Ichabod Alden (August 11, 1739 – November 11, 1778) was an American Revolutionary War officer and commanding officer during the Cherry Valley Massacre.

==Early life and family ==
The great-grandson of the Mayflower pilgrim John Alden, Ichabod Alden was born in Duxbury, Massachusetts.

==Career ==
Appointed lieutenant colonel of the Plymouth militia regiment in 1775, Alden first saw action serving with the 25th Continental Regiment during the Siege of Boston. Following his promotion to colonel in November 1776, Alden was assigned to the 7th Massachusetts Regiment. The regiment was stationed at Cherry Valley, New York in the summer of 1778. Although commanding 200–300 men, Alden's limited military experience and lack of knowledge regarding Indigenous tactics would prove to be a great disadvantage. He and several of his officers billeted well away from the fort in the homes of some of the inhabitants.
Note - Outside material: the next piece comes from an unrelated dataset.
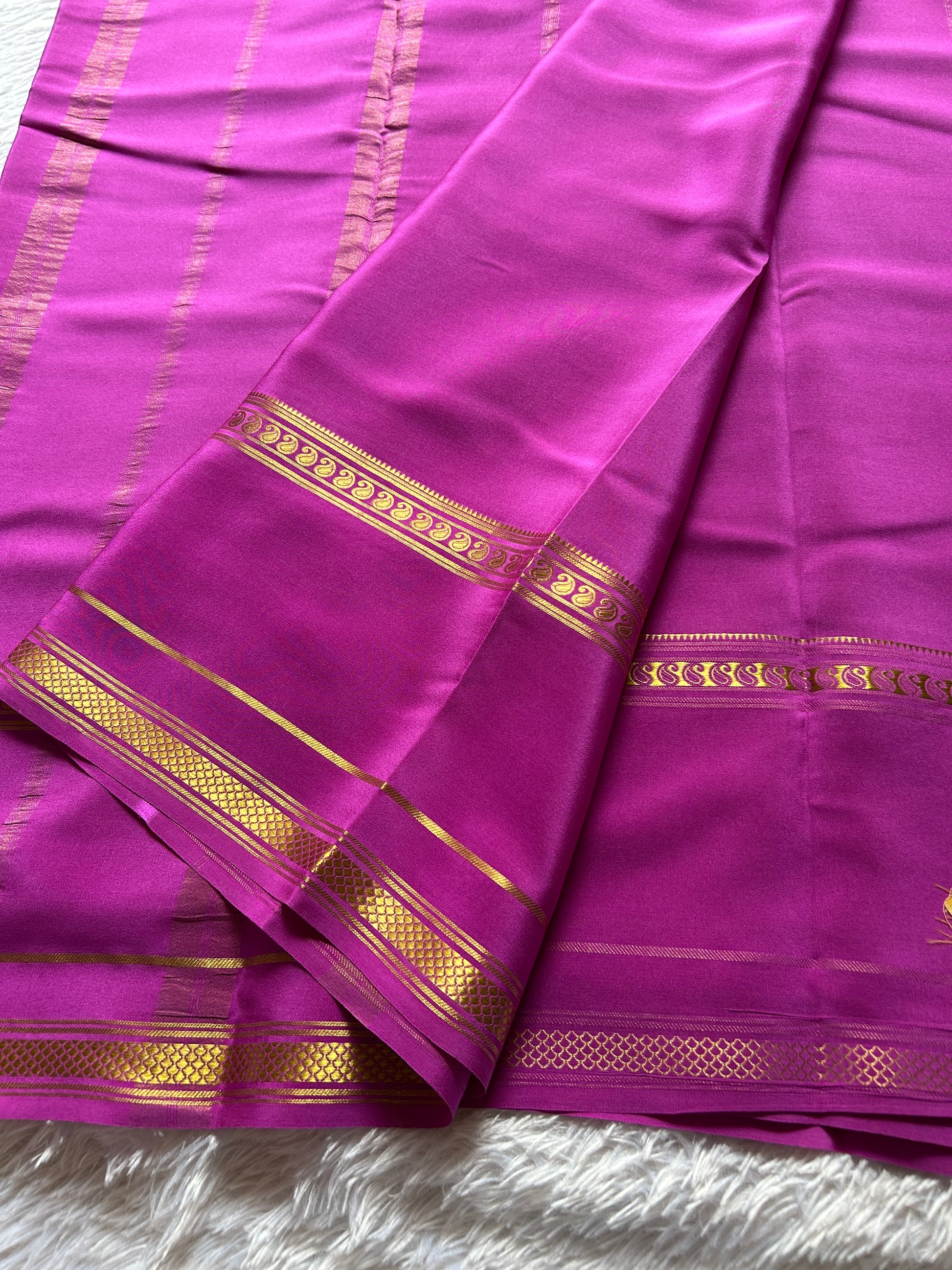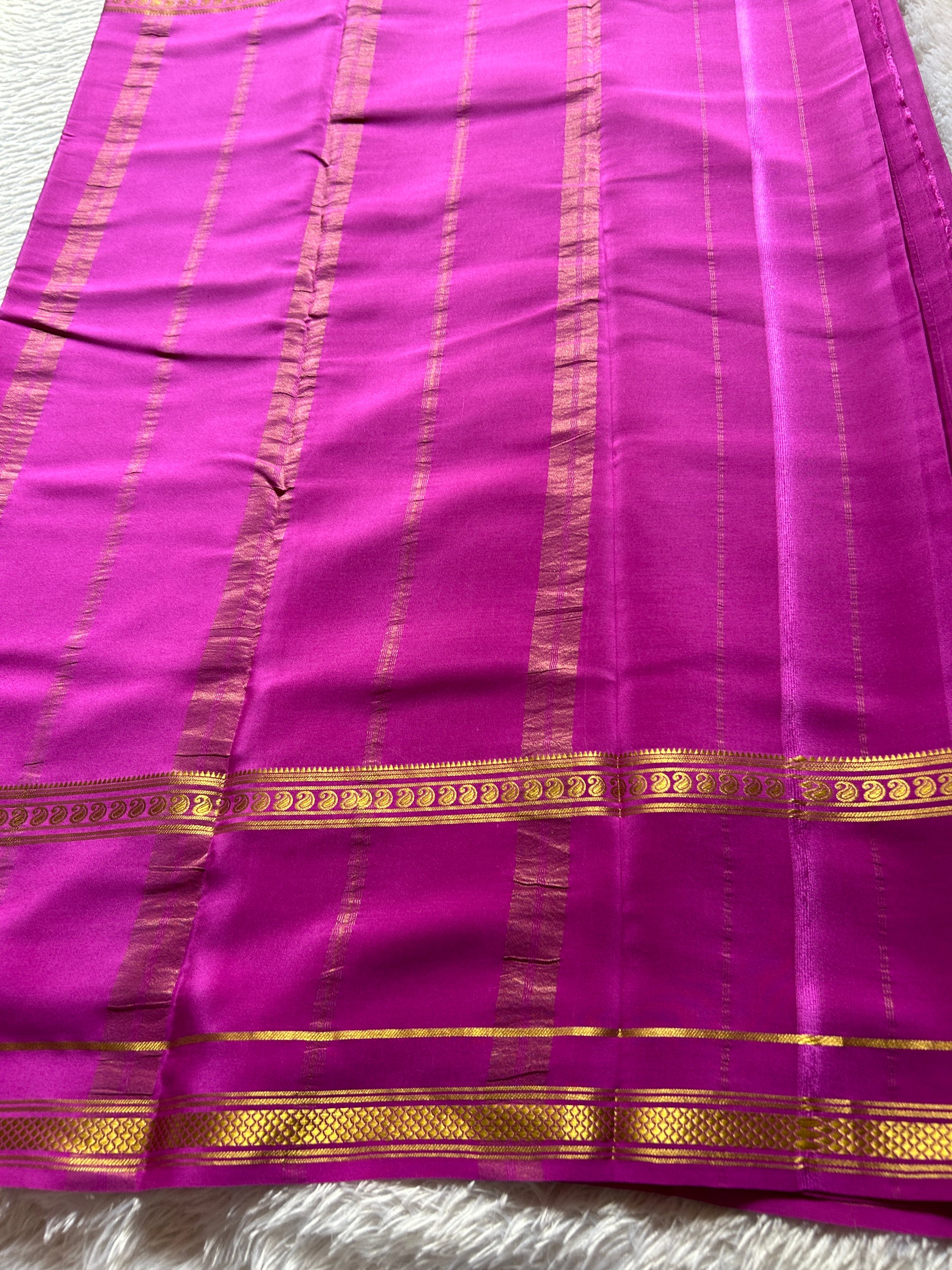 Crafted from premium 110 GSM pure Mysore crepe silk, this Guna saree features a vibrant bright magenta hue that radiates elegance. Its distinctive gap border is adorned with intricate zari work, showcasing expert craftsmanship that enhances its luxurious appeal. Ideal for those who appreciate refined tradition blended with bold color, this saree offers both comfort and timeless style.

Despite receiving a warning of an impeding attack from the American allied Oneida, Alden made few preparations.

On November 11, 1778, a combined force of 320 Seneca led by Cornplanter and Little Beard, 150 Butler's Rangers and a detachment of the 8th Regiment of Foot under Captain Walter Butler, and a small group of Mohawk led by Joseph Brant launched a surprise attack on Cherry Valley. While the Rangers and regulars blockaded Fort Alden, the Seneca rampaged through the village, killing and scalping 16 soldiers and 32 civilians, mostly women and children, and taking 70 captives. Alden was killed attempting to reach the fort from an outlying house. His second-in-command, Lieutenant Colonel William Stacy, was taken prisoner. The attack would later trigger an expedition led by Major General John Sullivan that destroyed 40 Seneca and Cayuga villages in the summer of 1779.